Transcribe all the data below exactly, leaving its pictures out.

_Listed records_
··········
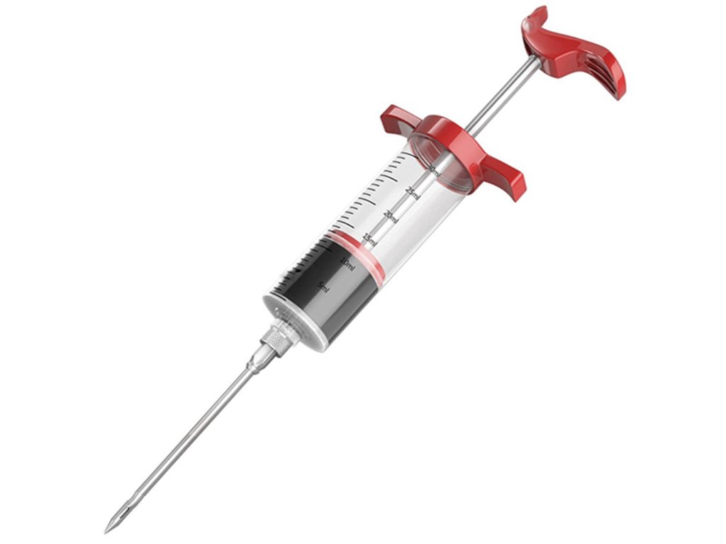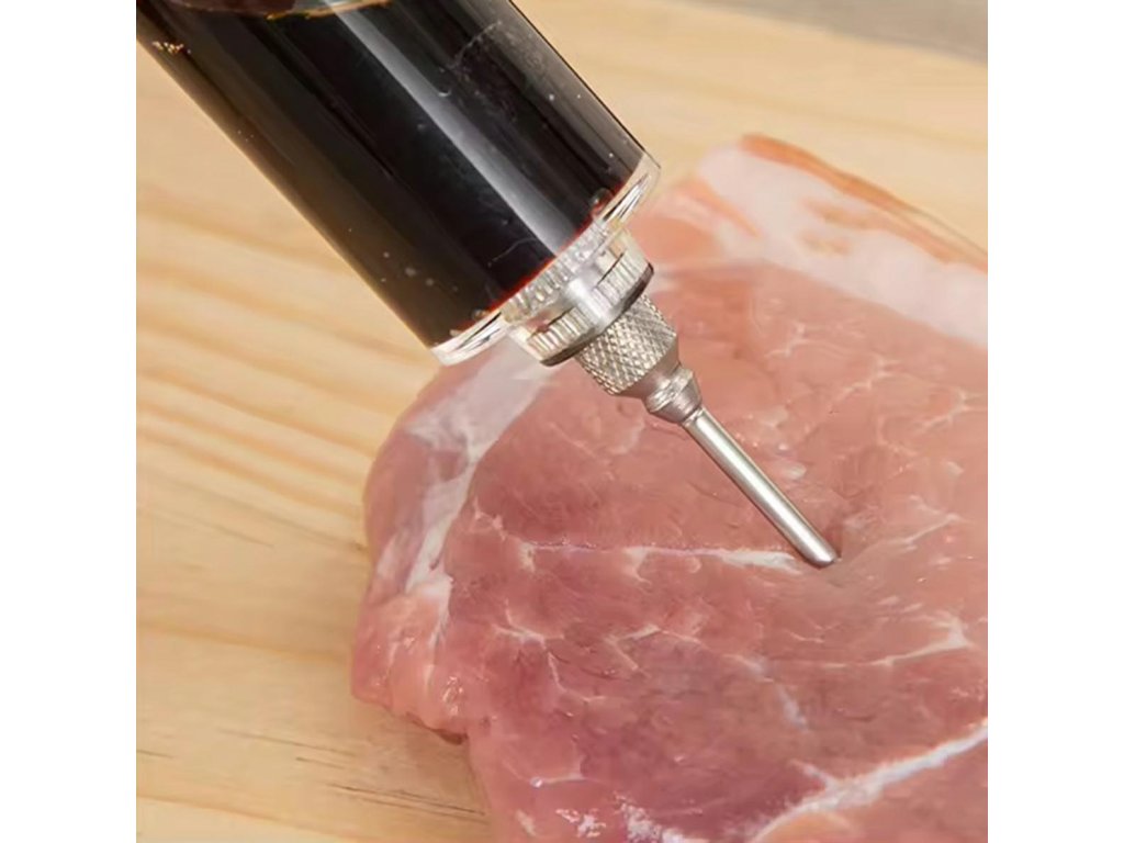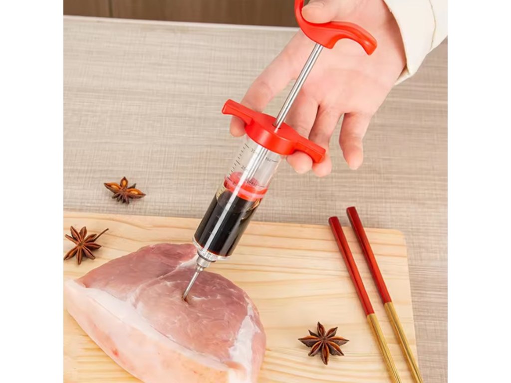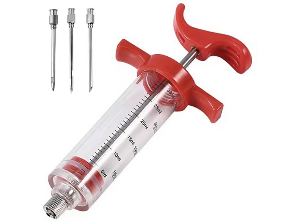 Injektor na maso o objemu 30 ml. Vynikající sada vybavená 3 ocelovými jehlami různých délek. Umožňuje rychle a pohodlně zvýraznit chuť masa vstříknutím marinády, omáčky nebo koření. Nenahraditelná pomůcka v každé kuchyni a udírně!
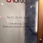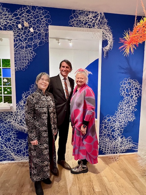 Above, curator Chen, attendee Betty Brown, artist Petrovic
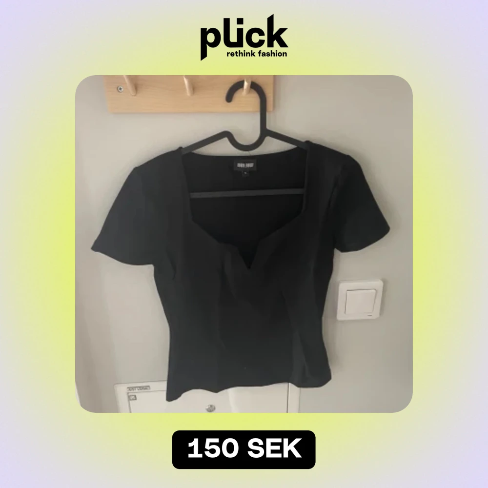 Säljer en stilren svart topp från Bubbleroom i storlek S. Toppen har en v-ringad design och korta ärmar, perfekt för både vardag och fest. Materialet känns mjukt och bekvämt mot huden.
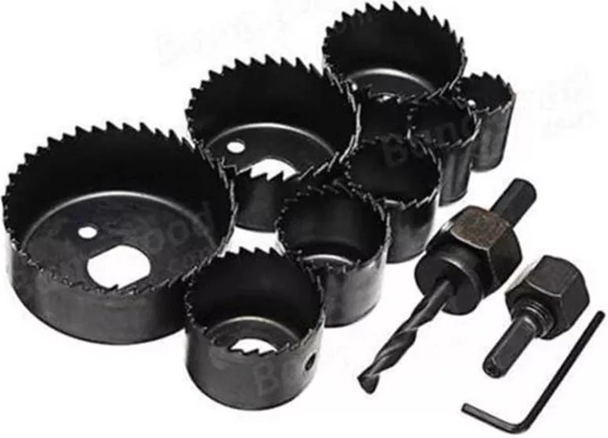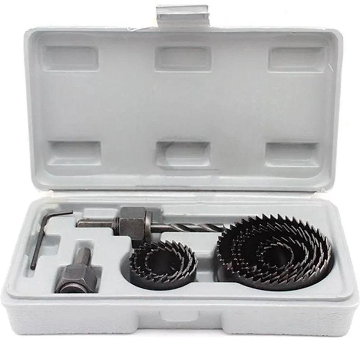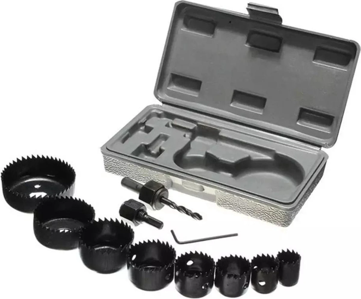 De serie wordt geleverd in een kunststof kist en omvat de volgende diameters: 19mm, 22mm, 28mm, 32mm, 38mm, 44mm, 51mm en 64 mm met een snedediepte van 28 mm.
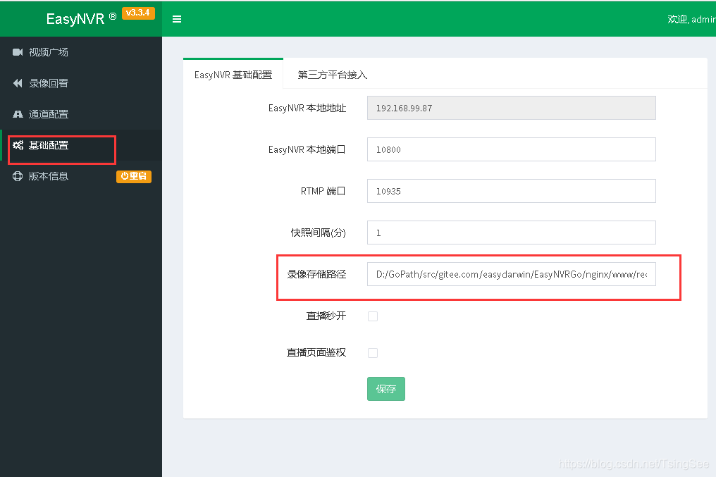 我们在登陆EasyNVR界面的时候,可以看到EasyNVR自身有对应的录像路径配置界面;
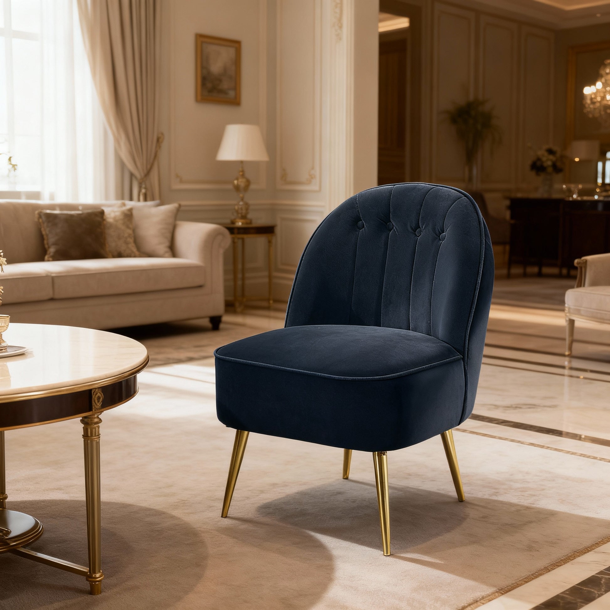 Velvet Accent Chair with Shell Back, Wide Seat, Metal Legs, Comfy Vanity Chair for Living Room, Bedroom, Office, Charcoal Blue
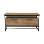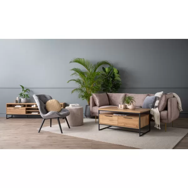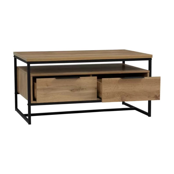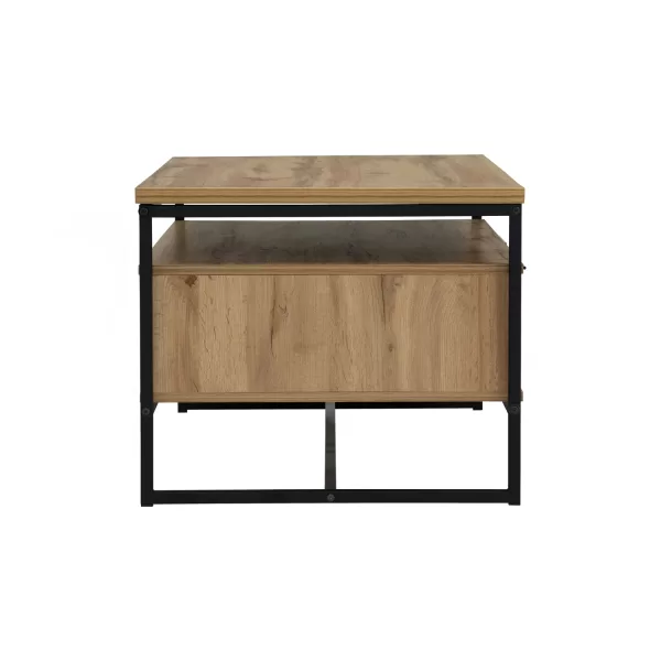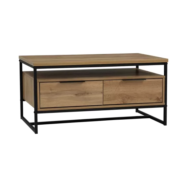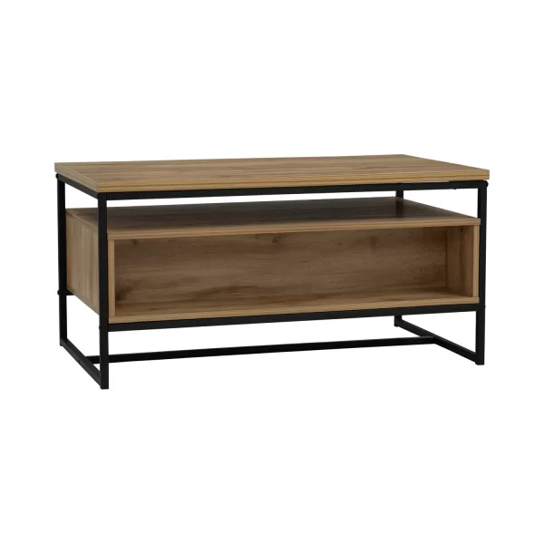 A stylish and functional coffee table that combines the industrial look of metal legs with the warm texture of laminated wood. Its clean lines and modern profile make it a versatile piece, suitable for a variety of living room interiors. |
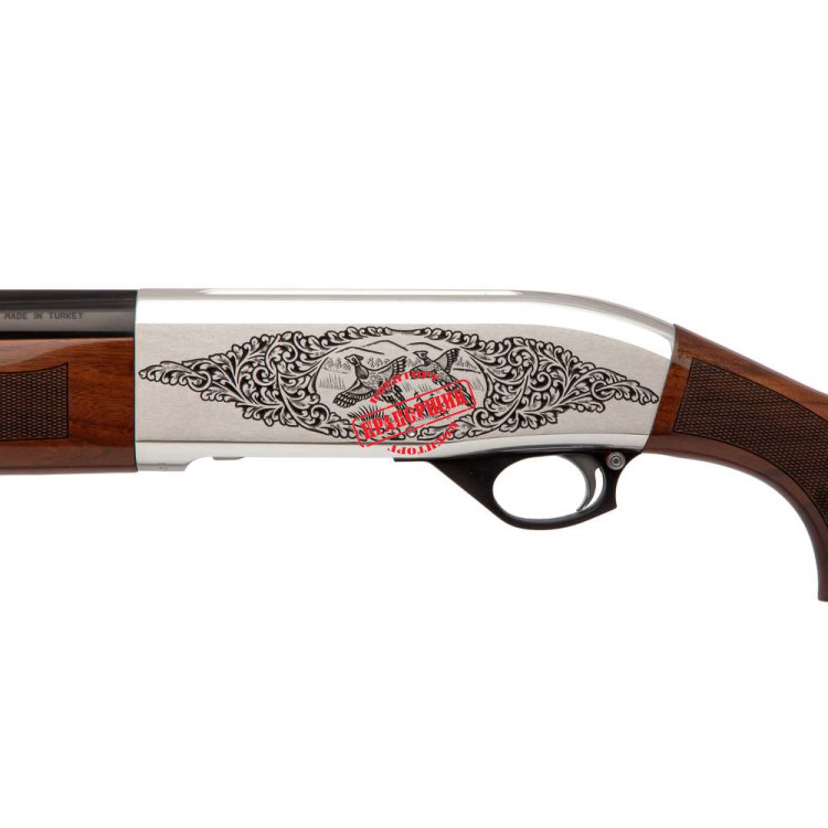 Полуавтоматическое ружье турецкого производства отлично подходит для активной охоты профессионалами и любителями. Ружье оснащено открытой прицельной мушкой, газоотводным механизмом и сменными дульными сужениями. Ствольная коробка обладает более легким весом благодаря анодированному сплаву. Базовая комплектация ружья позволяет при необходимости дополнить его разного назначения стволами (от практической стрельбы до узкоспециализированной охоты). Резиновый затыльник с перфорацией хорошо поглощает силу отдачи. Изюминка модели – цевье и приклад из высококачественного ореха (класс 3) с защитным глянцевым покрытием. Также ствольная коробка украшена изящной гравировкой. Система перезарядки газоотводная, по этой причине пользователь избежит слишком сильного проявления отдачи, а также будет иметь возможность осуществлять стрельбу патронами с уменьшенным весом. Ложе сделано из крепкого и представительного дерева, этим обуславливается совокупность достаточного времени эксплуатации оружия и стильного внешнего вида. Емкость магазина равняется 5+1 боеприпасам, соответственно у пользователя есть возможность выполнить 6 быстрых выстрелов без перезарядки. На рукоятке сделаны специальные насечки. Поэтому повышается надежность удержания, особенно это полезно при неблагоприятных погодных условиях. Есть прицельная планка с мушкой, которая позволяет очень оперативно осуществлять вскидывание, находить цель и осуществлять результативный выстрел. У данной модели применена газоотводная система перезарядки, соответственно появляется возможность применять патроны с меньшим весом и минимизируется ощущение стрелка от возникающей отдачи. Дополнительной сильной стороной карабина является относительно невысокая цена, особенно в сочетании со стрелковыми и техническими особенностями.
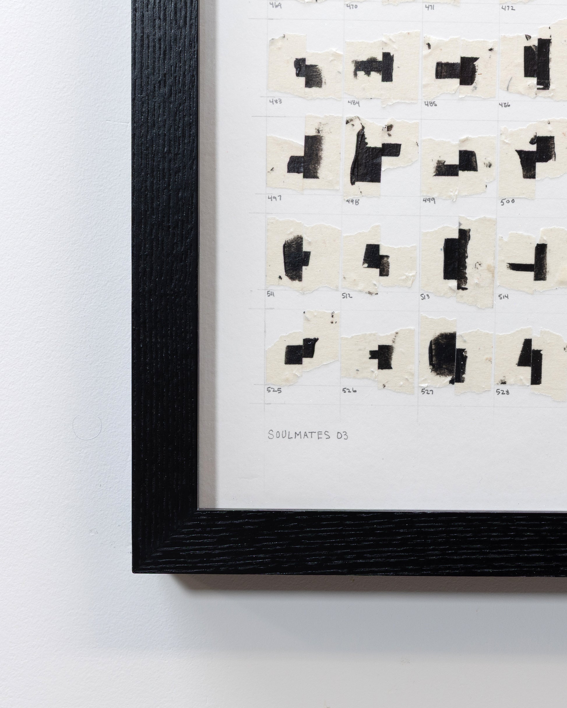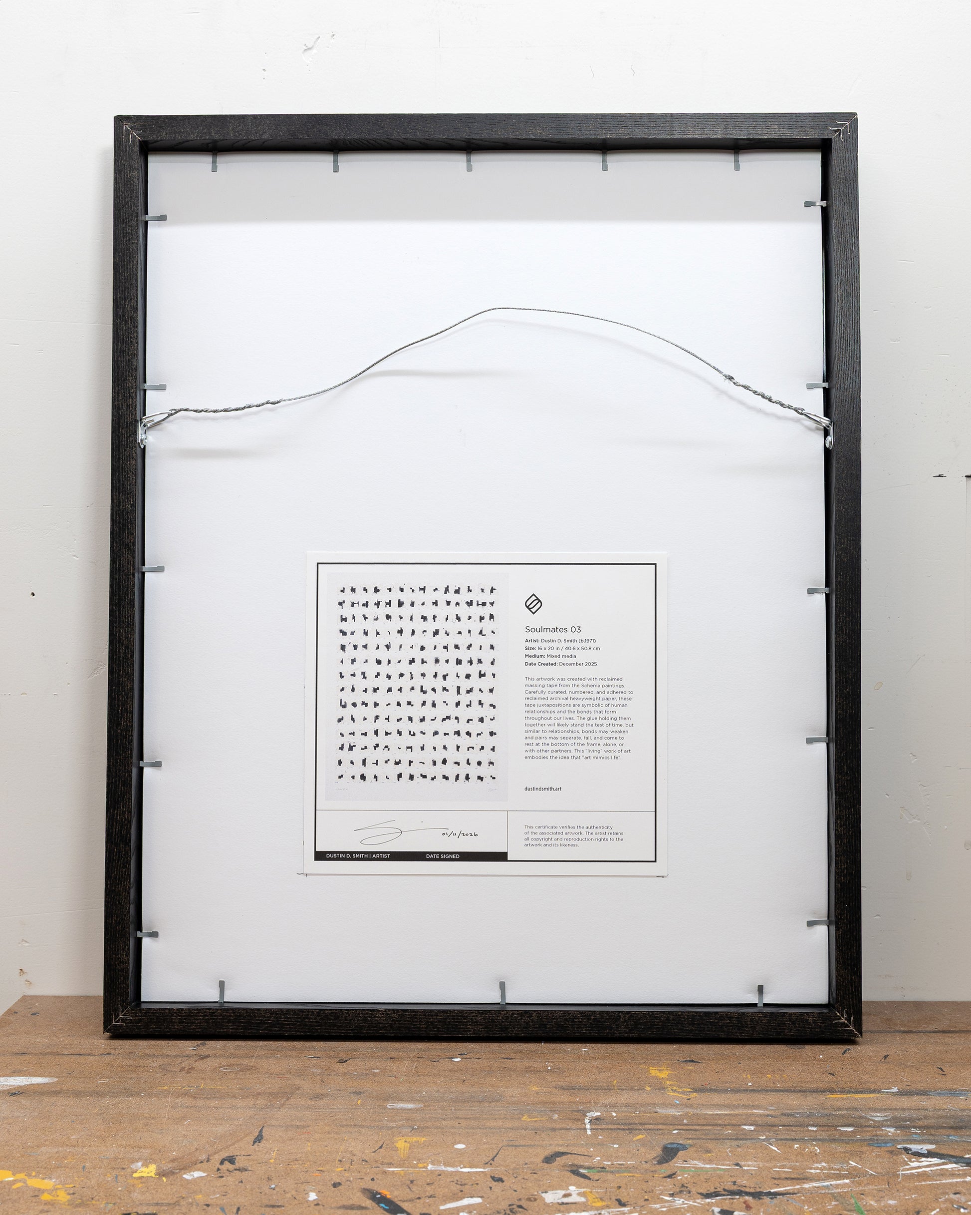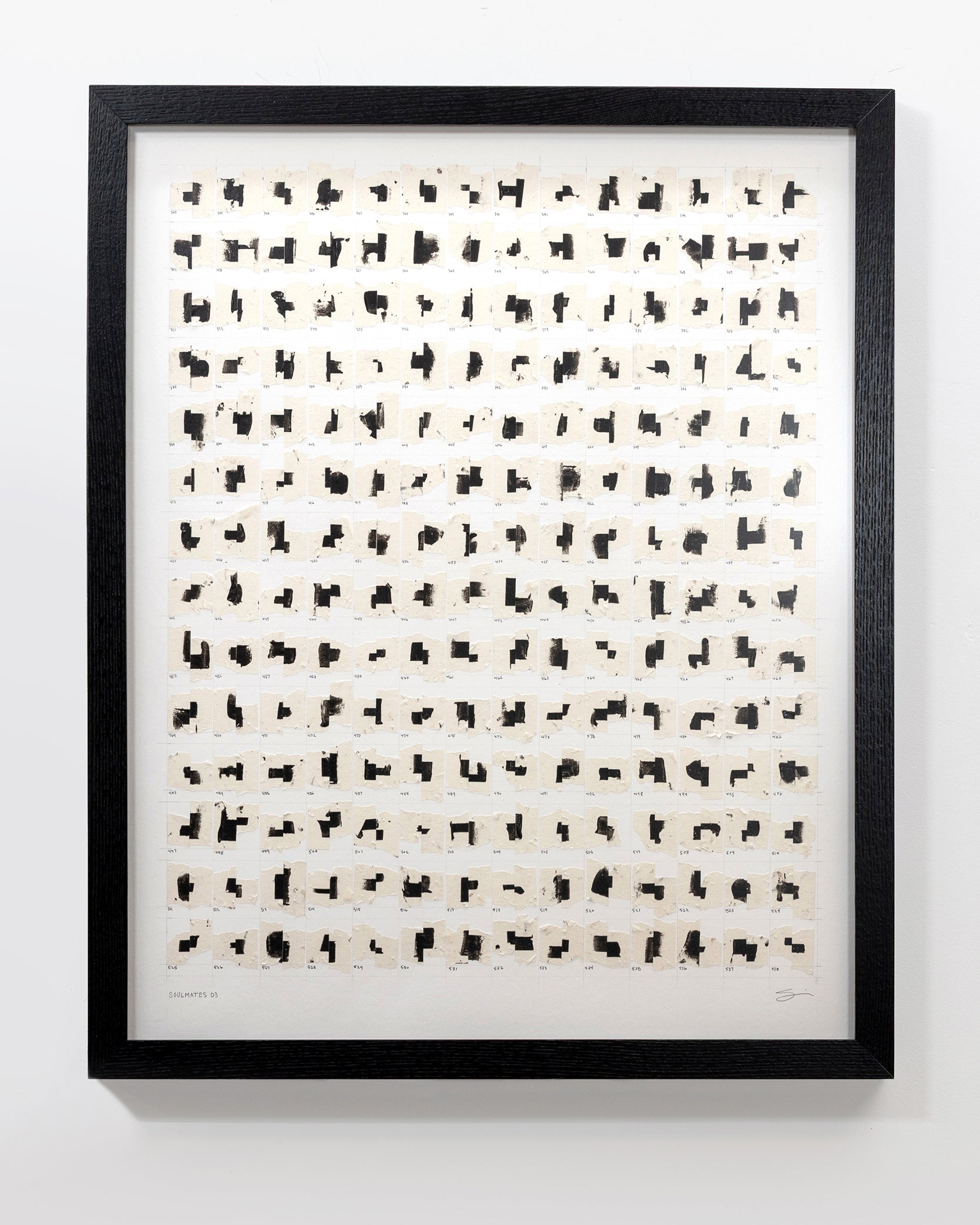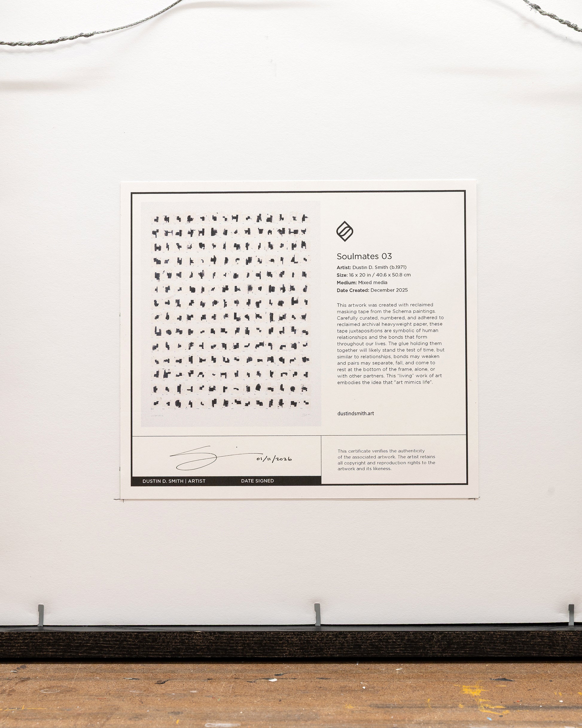 Carefully curated, numbered, and adhered to reclaimed archival heavyweight paper, these tape juxtapositions are symbolic of human relationships and the bonds that form throughout our lives. The glue holding them together will likely stand the test of time, but similar to relationships, bonds may weaken and pairs may separate, fall, and come to rest at the inside bottom of the frame, alone, or with other partners. This “living” work of art embodies the idea that "art mimics life".
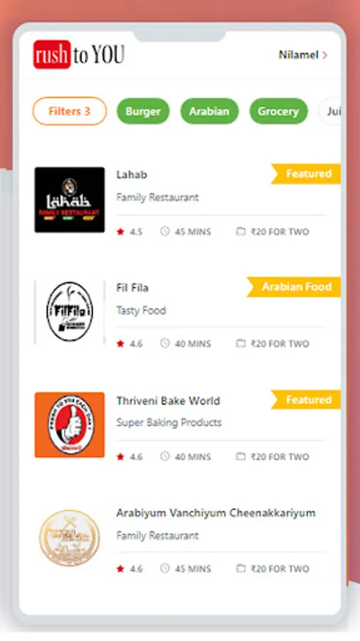 Whether you want a tasty dosa for breakfast, or a heavenly sadhya for lunch, or a refreshing coffee to boost up your mind, Rushtoyou is your one and only partner you need. Order your favorite food from your favorite Restaurants!! If you are in the office or home, or anywhere else, we will deliver it to your doorstep. Handpicked restaurants and enjoy your meal without any hurdles! With safe and fresh delivery, Rushtoyou will be your perfect partner.
··········
_Solution_
 Injektor na maso o objemu 30 ml. Vynikající sada vybavená 3 ocelovými jehlami různých délek. Umožňuje rychle a pohodlně zvýraznit chuť masa vstříknutím marinády, omáčky nebo koření. Nenahraditelná pomůcka v každé kuchyni a udírně!
 Above, curator Chen, attendee Betty Brown, artist Petrovic
 Säljer en stilren svart topp från Bubbleroom i storlek S. Toppen har en v-ringad design och korta ärmar, perfekt för både vardag och fest. Materialet känns mjukt och bekvämt mot huden.
 De serie wordt geleverd in een kunststof kist en omvat de volgende diameters: 19mm, 22mm, 28mm, 32mm, 38mm, 44mm, 51mm en 64 mm met een snedediepte van 28 mm.
 我们在登陆EasyNVR界面的时候,可以看到EasyNVR自身有对应的录像路径配置界面;
 Velvet Accent Chair with Shell Back, Wide Seat, Metal Legs, Comfy Vanity Chair for Living Room, Bedroom, Office, Charcoal Blue
 A stylish and functional coffee table that combines the industrial look of metal legs with the warm texture of laminated wood. Its clean lines and modern profile make it a versatile piece, suitable for a variety of living room interiors. |
 Полуавтоматическое ружье турецкого производства отлично подходит для активной охоты профессионалами и любителями. Ружье оснащено открытой прицельной мушкой, газоотводным механизмом и сменными дульными сужениями. Ствольная коробка обладает более легким весом благодаря анодированному сплаву. Базовая комплектация ружья позволяет при необходимости дополнить его разного назначения стволами (от практической стрельбы до узкоспециализированной охоты). Резиновый затыльник с перфорацией хорошо поглощает силу отдачи. Изюминка модели – цевье и приклад из высококачественного ореха (класс 3) с защитным глянцевым покрытием. Также ствольная коробка украшена изящной гравировкой. Система перезарядки газоотводная, по этой причине пользователь избежит слишком сильного проявления отдачи, а также будет иметь возможность осуществлять стрельбу патронами с уменьшенным весом. Ложе сделано из крепкого и представительного дерева, этим обуславливается совокупность достаточного времени эксплуатации оружия и стильного внешнего вида. Емкость магазина равняется 5+1 боеприпасам, соответственно у пользователя есть возможность выполнить 6 быстрых выстрелов без перезарядки. На рукоятке сделаны специальные насечки. Поэтому повышается надежность удержания, особенно это полезно при неблагоприятных погодных условиях. Есть прицельная планка с мушкой, которая позволяет очень оперативно осуществлять вскидывание, находить цель и осуществлять результативный выстрел. У данной модели применена газоотводная система перезарядки, соответственно появляется возможность применять патроны с меньшим весом и минимизируется ощущение стрелка от возникающей отдачи. Дополнительной сильной стороной карабина является относительно невысокая цена, особенно в сочетании со стрелковыми и техническими особенностями.
 Carefully curated, numbered, and adhered to reclaimed archival heavyweight paper, these tape juxtapositions are symbolic of human relationships and the bonds that form throughout our lives. The glue holding them together will likely stand the test of time, but similar to relationships, bonds may weaken and pairs may separate, fall, and come to rest at the inside bottom of the frame, alone, or with other partners. This “living” work of art embodies the idea that "art mimics life".
 Whether you want a tasty dosa for breakfast, or a heavenly sadhya for lunch, or a refreshing coffee to boost up your mind, Rushtoyou is your one and only partner you need. Order your favorite food from your favorite Restaurants!! If you are in the office or home, or anywhere else, we will deliver it to your doorstep. Handpicked restaurants and enjoy your meal without any hurdles! With safe and fresh delivery, Rushtoyou will be your perfect partner.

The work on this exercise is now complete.